Trading stocks requires careful consideration of the many different approaches available to optimise portfolio performance. Algorithmic trading is one such strategy focused on automating trading activities as much as possible. To begin a successful trading career, it is important to be familiar with the concepts of algorithmic trading and the strategies associated with it. Here, we explain the fundamentals of algorithms in stock trading and provide some approaches for beginners.
At its core, algorithmic trading is the use of computer programs to analyze and execute trades based on input and outputs that are created from a set of predetermined rules. It is becoming increasingly prevalent within today’s markets, where the vast majority of transactions are automated and determined by algorithms. This method can be utilized by traders of all levels, from beginner to experienced, as it largely removes the emotion from the trading process.

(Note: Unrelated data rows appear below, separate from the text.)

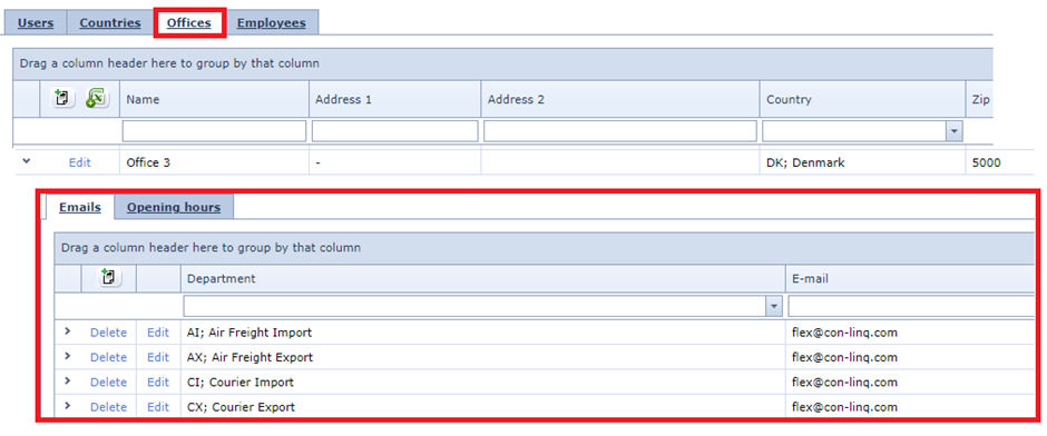 Next we need to find the office which the main contact is assigned to, where after we can insert the mail we want to be receiving the notifications.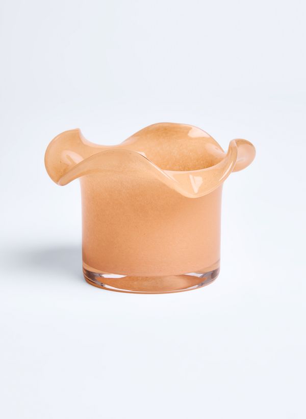 O Porta Objeto Flower é produzido artesanalmente em vidro de superfície lisa, formato cilíndrico e borda em formato sinuoso, fazendo alusão a pétalas. Por conter acabamentos manuais deve haver pequenas variações de formas, cores e tamanhos entre as peças.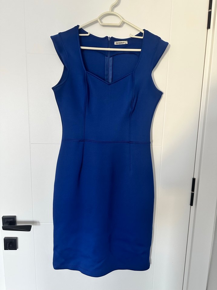 Saks Mavi, v yaka ve kolsuz, diz boyu oturan elbise. Esnek kumaştır. Parlak dokusu ve modern klasik tarzıyla ofis ve özel günler için uygun. ✨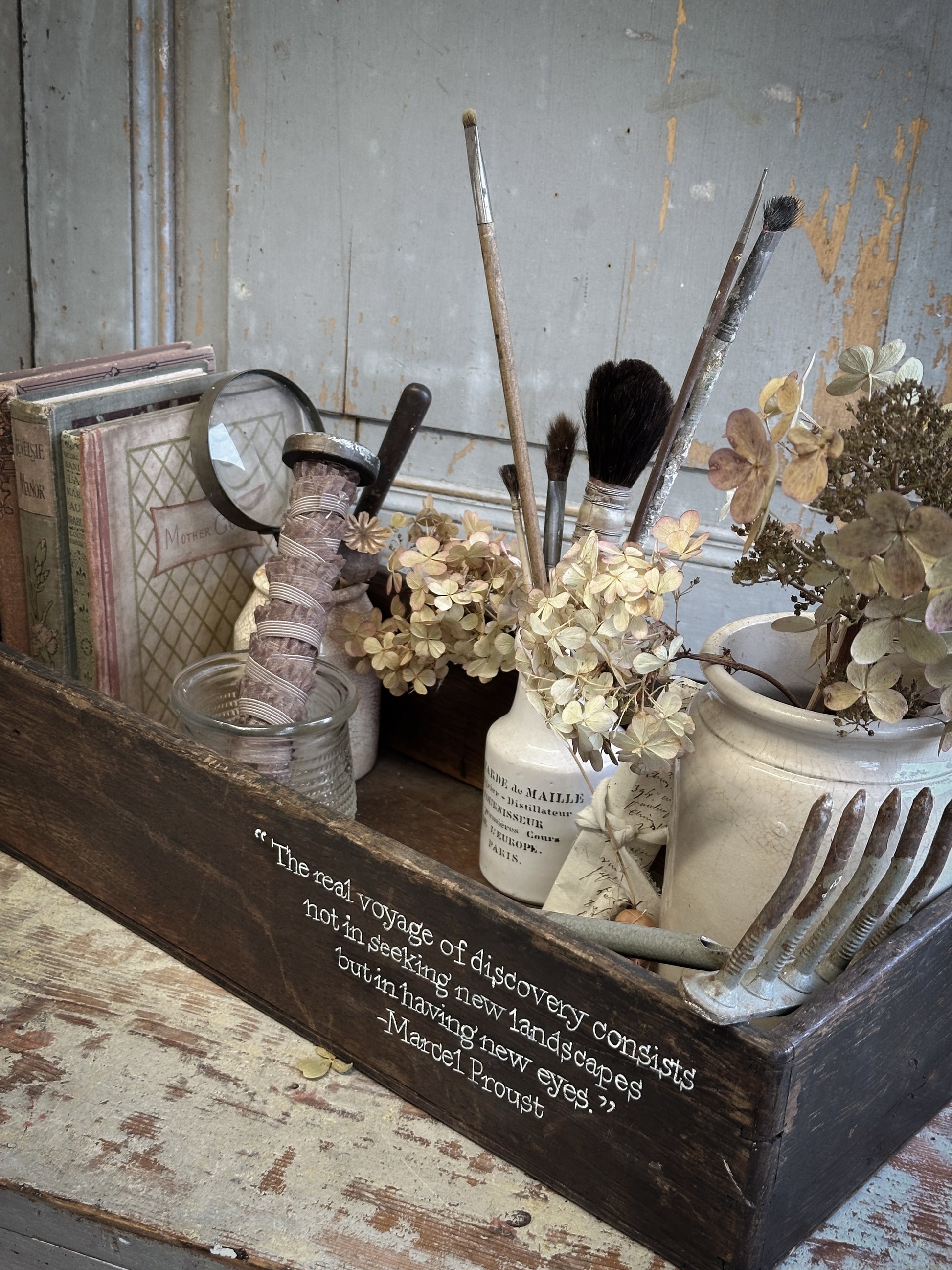 A Vintage Wooden Crate With Hand Painted Quote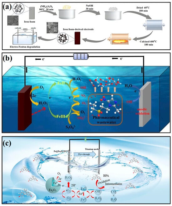 (a) Fabrication process of the iron foam-derived electrode; (b) the HEF reaction mechanism of the iron foam-derived electrode [54]; (c) schematic diagram of the proposed mechanism for the Fe@Fe2O3/ECF electrode [57].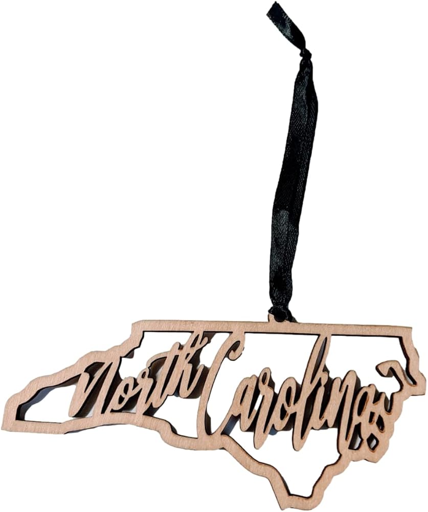North Carolina Christmas Ornament. A modern twist on the typical state shape! Ornament your tree this year to achieve a rustic Christmas look. Made from laser cut wood and black ribbon, Measures 5" l x 2.5" h x 0.25-inch depth.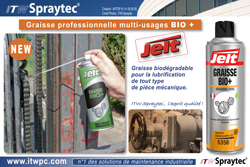 Développée par ITW Spraytec sous la marque JELT, GRAISSE BIO+ est une nouvelle graisse professionnelle multi-usages biodégradable conçue spécifiquement pour les opérations de maintenance industrielle et la lubrification de tout organe mécanique fortement sollicité (axes, câbles, roulements, paliers, glissières, galets, chaînes, engrenages, ...).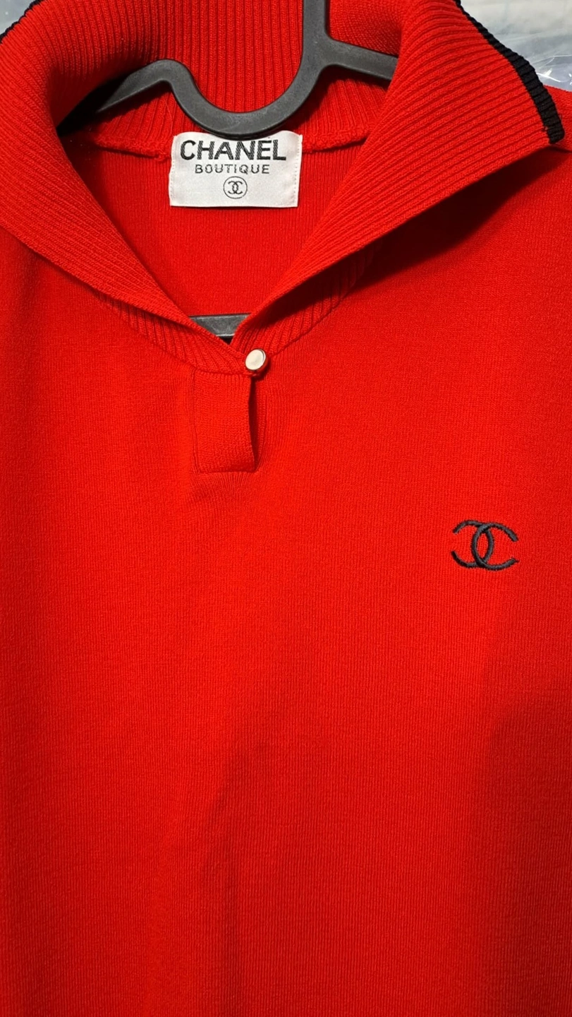 Iconic Branding: Embroidered Interlocking CC logo on the chest.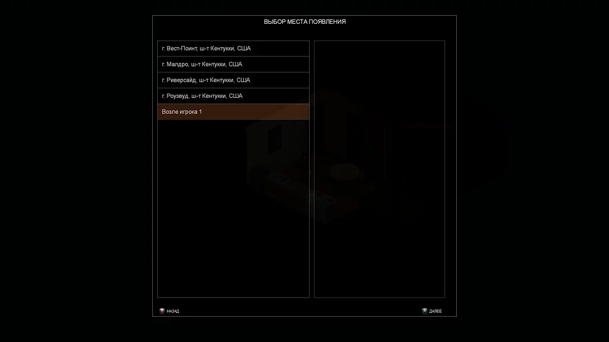 - После полноценной загрузки сервера игроку предоставится возможность выбрать стартовую локацию и создать персонажа, как в одиночной игре.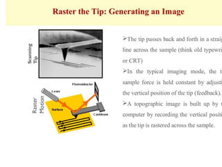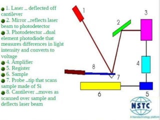 The atomic force microscope (AFM) was invented in 1985 by Gerd Binnig and Cristoph Gerber. It uses a sharp tip mounted on a flexible cantilever to scan the topography of a sample at an extremely high resolution down to the atomic level. The AFM works by measuring the interaction forces between the tip and sample surface. It consists of a probe with a sharp tip, a scanner that controls the tip's movement in the x, y, and z directions, and an optical lever system using a laser and photodetector to measure the cantilever's deflection. The AFM can image a variety of samples at the nanoscale and provide 3D topographic information.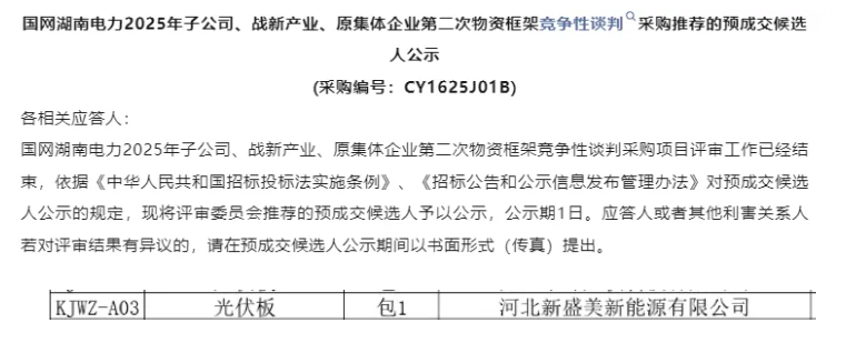 近日,國(guó)網(wǎng)湖南電力2025年子公司、戰(zhàn)新產(chǎn)業(yè)、原集體企業(yè)第二次物資框架競(jìng)爭(zhēng)性談判采購(gòu)入圍結(jié)果公布,新盛美全系列產(chǎn)品入圍其中的光伏組件項(xiàng)目。 該項(xiàng)目建設(shè)單位為國(guó)網(wǎng)湖南省電農(nóng)銀國(guó)際香港董事黃瀾等農(nóng)行領(lǐng)導(dǎo)蒞臨新盛美考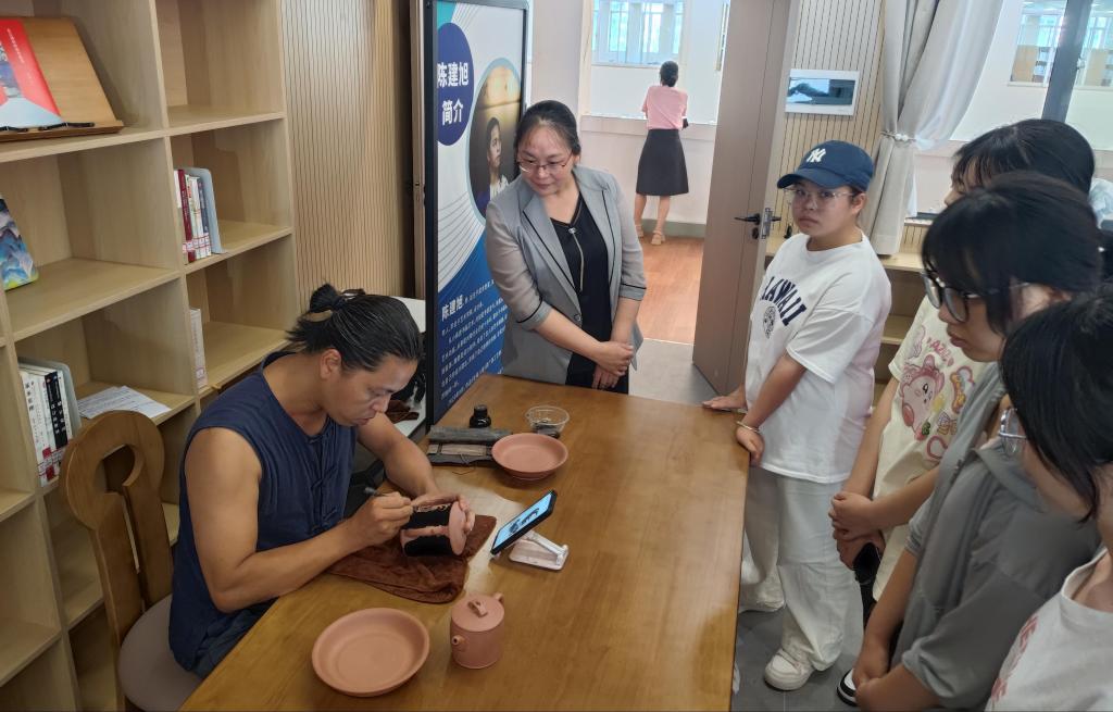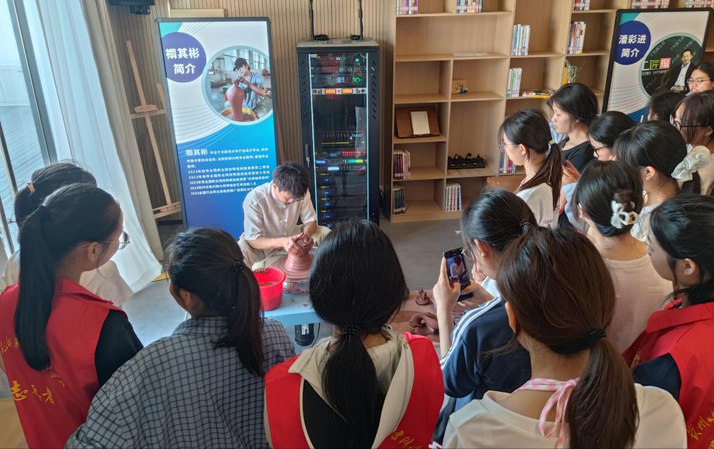 尤为引人入胜的非遗技艺体验环节,将活动推向高潮——独特的扇舞韵律、尺钱技艺的精巧绝伦、传统灯笼扎纸(走马灯)的匠心独运、以及国家非遗坭兴陶拉胚雕刻的鬼斧神工,深深吸引了广大师生热情参与、动手体验。师生们亲手触摸、共同研习这些承载着民族智慧与地域特色的非物质文化遗产,在师生互动、协作探索的愉悦氛围中,极大增强了对中华优秀传统文化的深切认同与由衷自豪,文化自信在“师悦”同行、指尖共舞的实践中深深扎根、蓬勃生长。
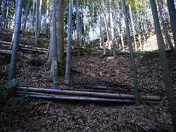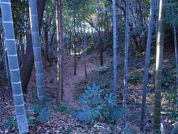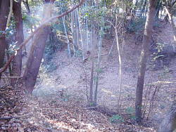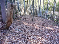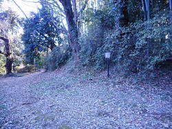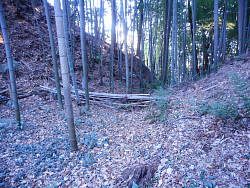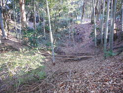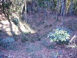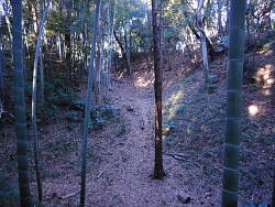 ここから簡易舗装の道になる。右斜面は幾段かの削平地と思われるものが見える。左下にも後に手が入ったかは分からないが、平坦場所がある。丁字路手前の両側は高くなり上は見えず、堀底を歩いている感がある。丁字路を右に行けば二ノ丸方面、本丸は左に進む。本丸方面から二ノ丸方面に深く幅広な空堀が続いている。
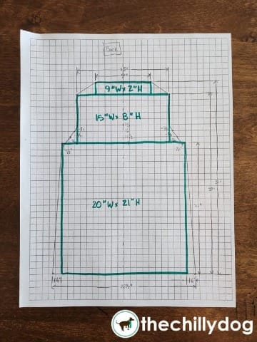 I'll break it down into simpler parts. First I draw 3 large rectangles inside my sweater back and note their width and height.
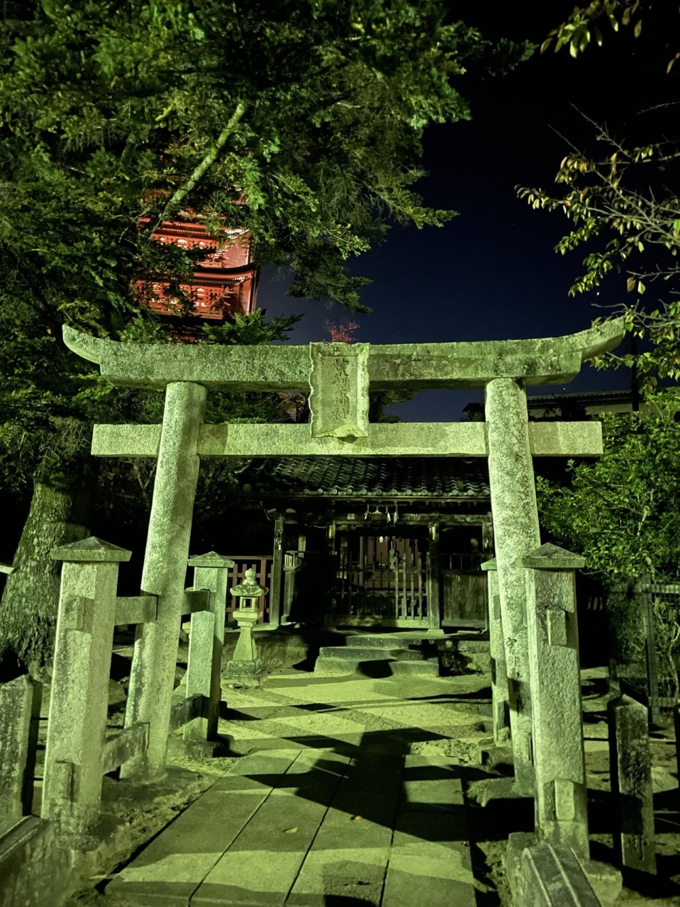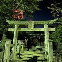 厳島神社の入口のすぐ前にあります。読み方は「あらえびすじんじゃ」だそうです。厳島神社の境内の外にある摂社になっています。夜、大鳥居のライトアップを眺めに訪れましたが、神社に灯りはなく、ひっそりしていました。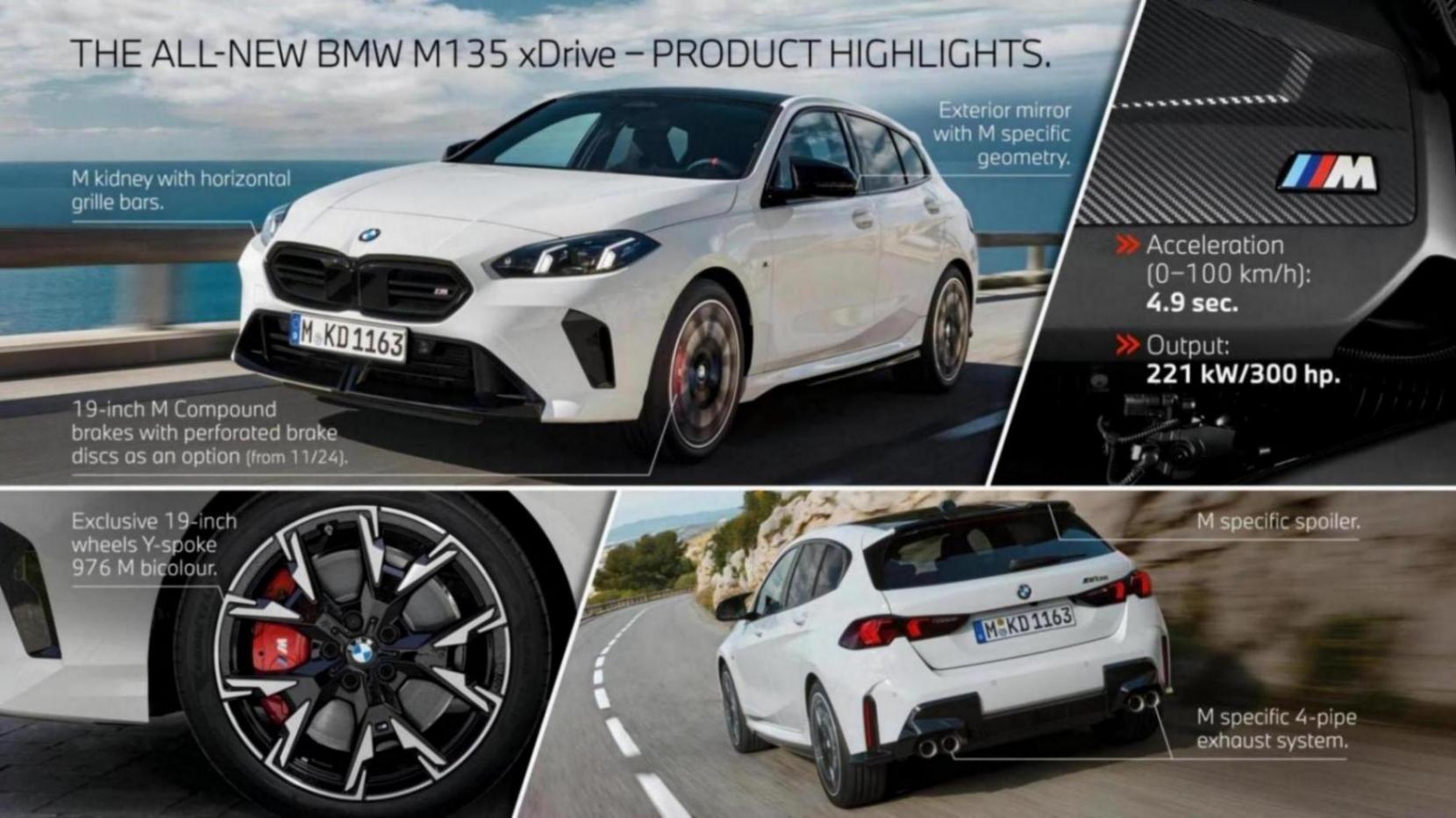 除此之外,一同發布的還有全新寶馬M135 xDrive。新車在外觀上融入了M專屬的運動套件,包括大尺寸熏黑的進氣格柵、牛角后視鏡以及19英寸輪轂和紅色的M高性能運動卡鉗。此外,新車尾部上方的擾流板設計配合雙邊四出排氣系統,無一不彰顯其M的屬性。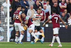 判罰:庫特判罰點球,鮑文主罰命中,西漢姆戰(zhàn)勝曼聯(lián)。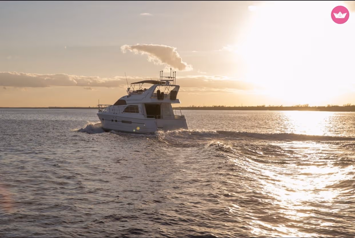 This sleek yacht offers 360-degree views from the flybridge and a spacious sun deck perfect for relaxing. Inside, enjoy the cool air-conditioned salon with comfortable U-shaped seating and a seamless galley.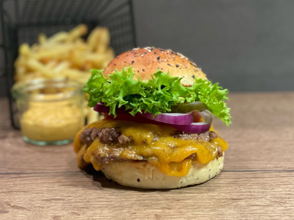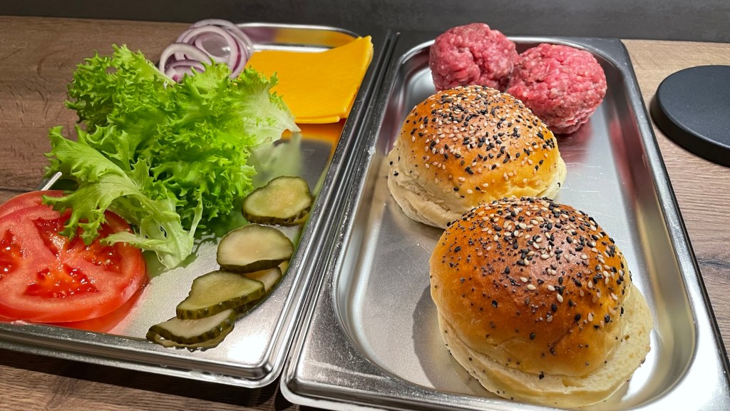 Schnell noch eine Tomate und eine Zwiebel geschnitten, ein Glas selbst eingelegte Burgergurken geöffnet, Cheddarkäse bereitgestellt und schon stand das „Mise en place“

In algorithmic trading, traders can use a variety of different strategies, from scalping and market making to trend following and arbitrage. Scalping is a strategy which attempts to make quick profits from small price movements and is commonly used in highly liquid markets. Market making is a slightly more complex strategy, allowing traders to benefit from the spread between bid and offer prices. Trend following relies on the ability to identify trends, and is often conducted over multiple time frames. Meanwhile, arbitrage seeks to exploit pricing discrepancies between multiple markets, enabling traders to buy stocks in one market and simultaneously sell them in another, profiting from price differences.
For novice traders, a sensible approach should include a combination of trend following and scalping strategies. It is also prudent to maintain a trading journal, recording all trades and the results of each, as well as any other insights gained from analysis. Such records are extremely helpful in both formulating strategies and identifying errors.
It is also important to use professional grade software to trade. Such programs often contain complex algorithms to identify trends and place trades, making them a worthwhile investment. Additionally, traders should take the time to accurately backtest their strategies prior to implementation, ensuring that the strategies are appropriate for their chosen markets.
To further enhance performance, traders should focus on developing an understanding of technical analysis, rather than relying exclusively on automated strategies. Technical analysis and indicators have been used for many years, with traders relying on them to identify areas of potential entry and exit in the markets. While algorithmic trading may have an element of human intuition involved, technical analysis can often provide a more comprehensive approach towards making trading decisions.
Overall, algorithmic trading is an effective tool for all traders, from novice to experienced, as it removes emotions from the trading process. As such, it is important to familiarize yourself with the fundamentals of algorithmic trading and the various strategies available. Additionally, take the time to set up accurate backtesting and use technical analysis to hone in on the best entry and exit points. With the right combination of strategies and dedication, novice traders can significantly improve their performance.